A local food bank and distribution network was featured on a Michigan Radio piece the other day, and it really captures how to give to people in a way that respects their dignity. For one thing, when you are giving food to the hungry, you don’t just hand them wax beans and canned beets.
John Arnold, executive director of Feeding America West Michigan Food Bank, says that people shouldn’t be getting what he calls “bomb shelter food.”
“Products like powdered milk and dry beans and dried noodles sound and look nutritious but you never see in people’s shopping cart,” he observes.
Instead, as Kyle Norris reports, Arnold recognizes that “nobody eats that stuff, but somehow food agencies think that’s what they supposed to give people in need. Arnold says we need to get people good, nutritious food in a way that makes it fun.

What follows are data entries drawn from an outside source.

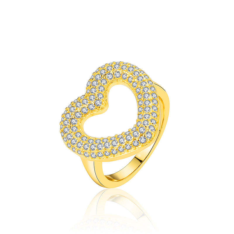 แหวนทองเหลืองผู้หญิงหินเพทายรูปหัวใจสีทอง/ทอง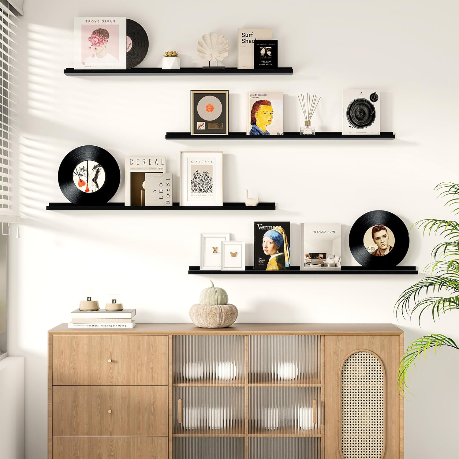 Picture Ledge Shelf for Wall, Floating Shelves Set of 4, 48 Inch Long Nursery Book Shelves for Toys Storage, Kids Bookshelf Wall Mounted for Books Photo Frames, Black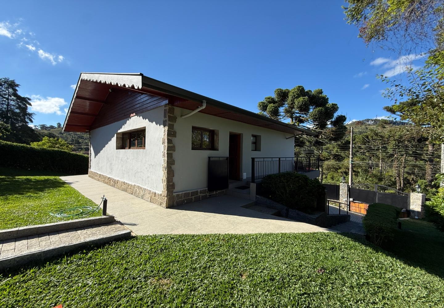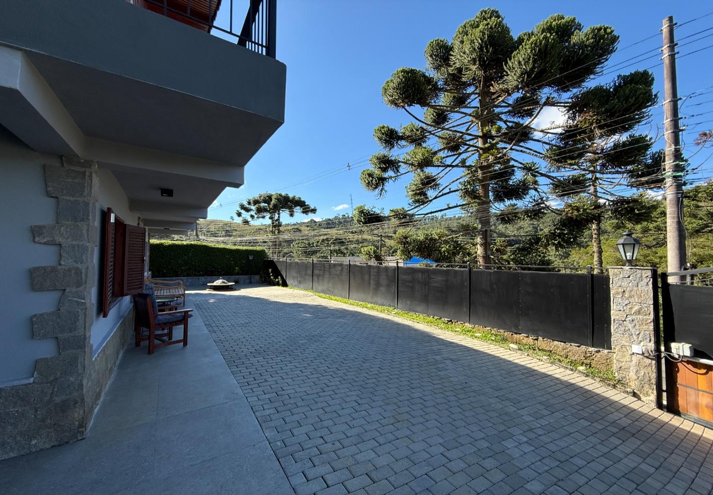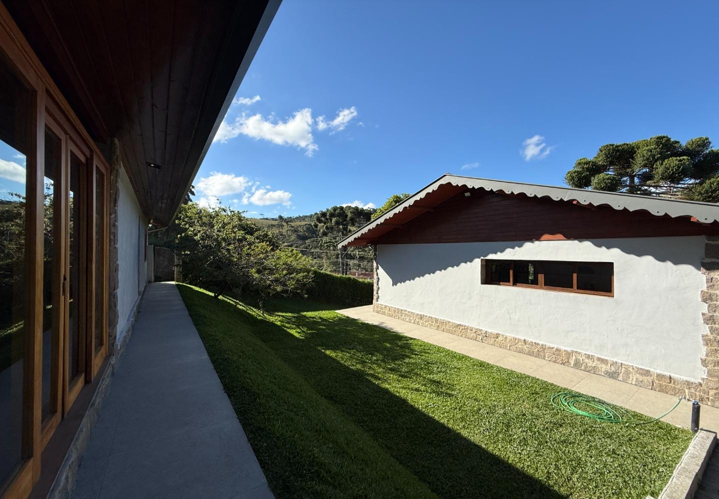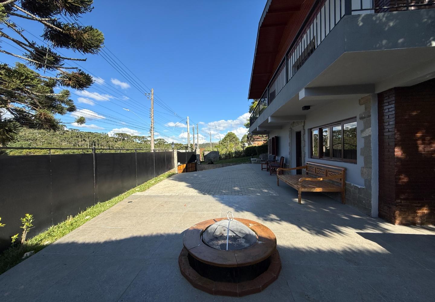 Um diferencial importante é a área gourmet independente e fechada, com churrasqueira e fogão a lenha, além de um pátio externo generoso. Nos fundos, a casa de caseiro tem entrada independente e, mais do que isso, hidráulica e elétrica separadas, permitindo contas individualizadas de água e luz — um ponto que valoriza bastante o imóvel.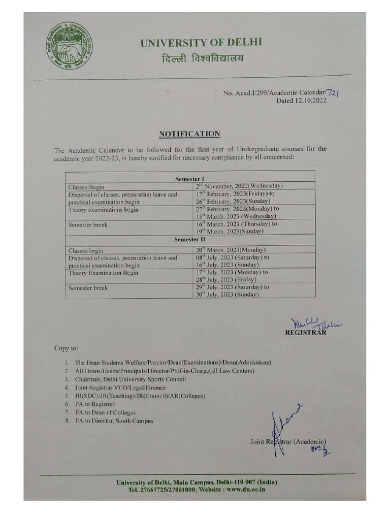 Delhi University Academic Calendar 202324 Released For UG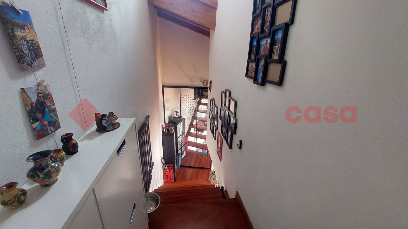 Una scala lineare in legno conduce al piano superiore mansardato, totalmente abitabile, dove si trovano la camera matrimoniale e il bagno.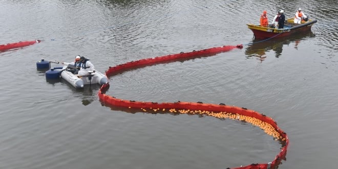 La actividad se desarrolló en uno de los canales de evacuación de aguas lluvias de la refinería, donde se simuló con naranjas la fuga de gasoil en la ribera sur del río. Inmediatamente se activó el plan de contingencia para estos casos y, en conjunto con los pescadores, se desplegó la barrera de contención para la recuperación del simulado derrame.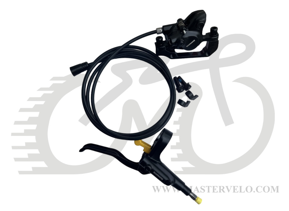 Дисковый тормоз МТ200. Состоит из тормозного рычага BLMT200 и суппорта BRMT200 с адаптером, соединенным шлангом BH59-SS.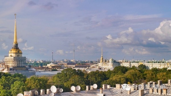 由于圣彼得堡独特的地理位置,光线是十分重要的。每天清晨和傍晚,阳光掠过建筑外墙、边角、街道、地板、墙壁,照耀几个小时,春夏季更是阳光普照。经历了一个漫长而寒冷的冬季,整座城市开始复苏。白天,太阳一整天都挂着。撒下的阳光增强了质地与细节的效果,处处让人出乎意料。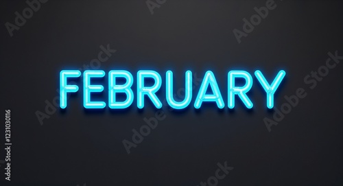 february word lettering with neon blue glow on plain black dark background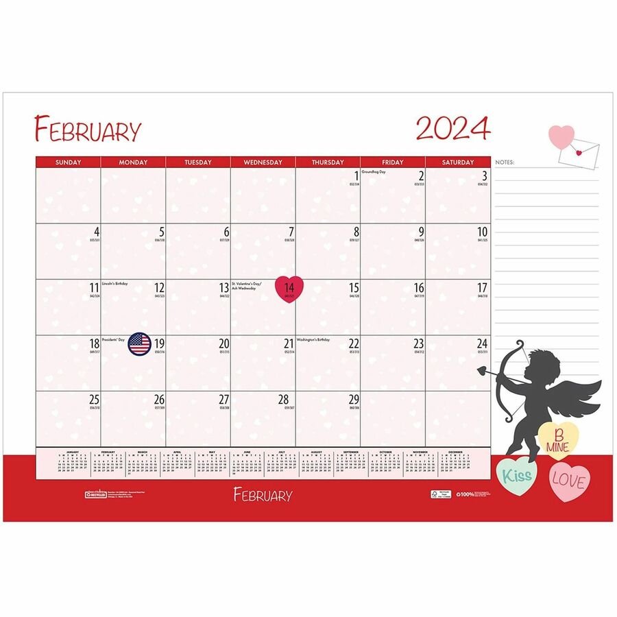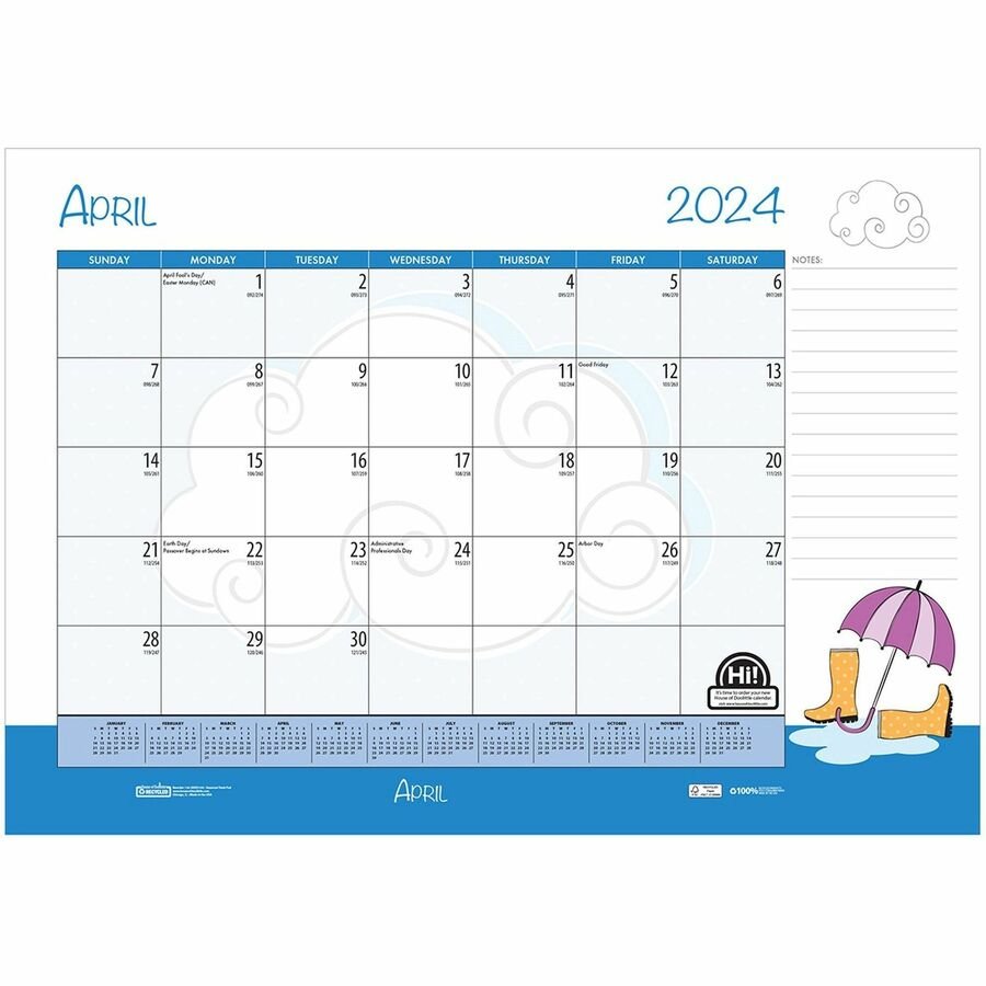 Add a little fun to your day with this Academic Seasonal/Holiday Desk Pad. This pad features a different animated theme each month. Dated planning pages range 12 months from July to June. One-page-per-month includes unruled daily blocks for open planning, Sunday-through-Saturday scheduling, count of days/days remaining, a notes section, holidays and a full-year reference calendar at the bottom. Bound calendar pages are perforated at the top and secured at the bottom with two matching chipboard reinforced leatherette corners. FSC certified paper is made with a high percentage of post-consumer recycled paper and soy-based inks.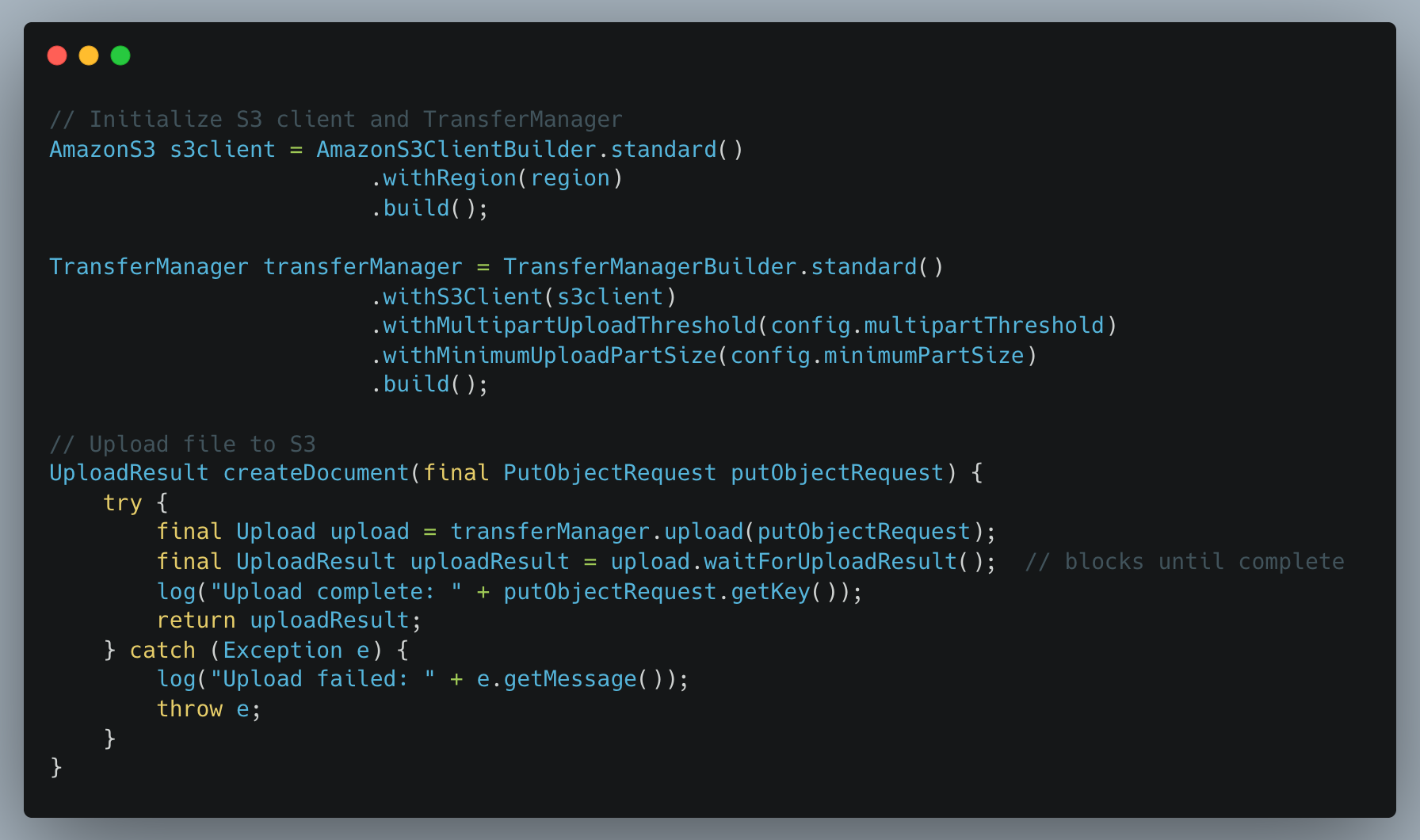 - Simplicity: No need to manually manage file splits, threads, or retry logic — TransferManager handles it.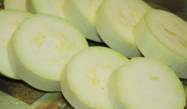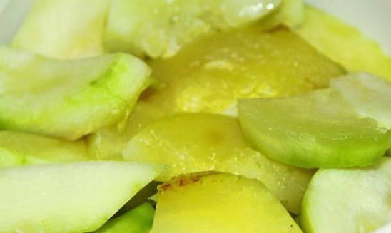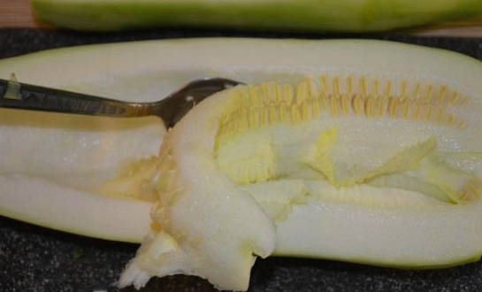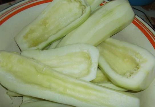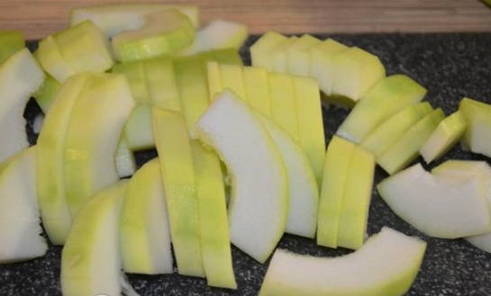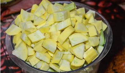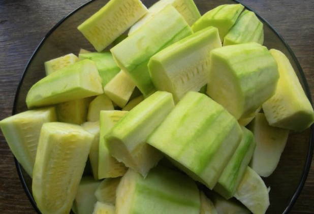 Spoel de courgette goed af. Daarna verwijderen we de schil, zaden en snijden de vrucht zelf in kleine blokjes.

Arnold also says agencies have to let people pick the food they want, as opposed to handing someone a box filled with a random assortment of food they may or may not eat. These things aren’t just his personal theories. He points to research from United Way and Michigan State University that backs these conclusions.”
One of the principles of effective compassion is that we are to discern and respect each person’s freedom, constitutive of their dignity as created in the image of God. In this concrete case, it means in part having people exercise their own autonomy and choose their own foods, rather than be handed what someone else assumes they need.
So this is a good rule of thumb for treating others as you do yourself: “When we do care for one another it should be with food we’d want to serve our own family.”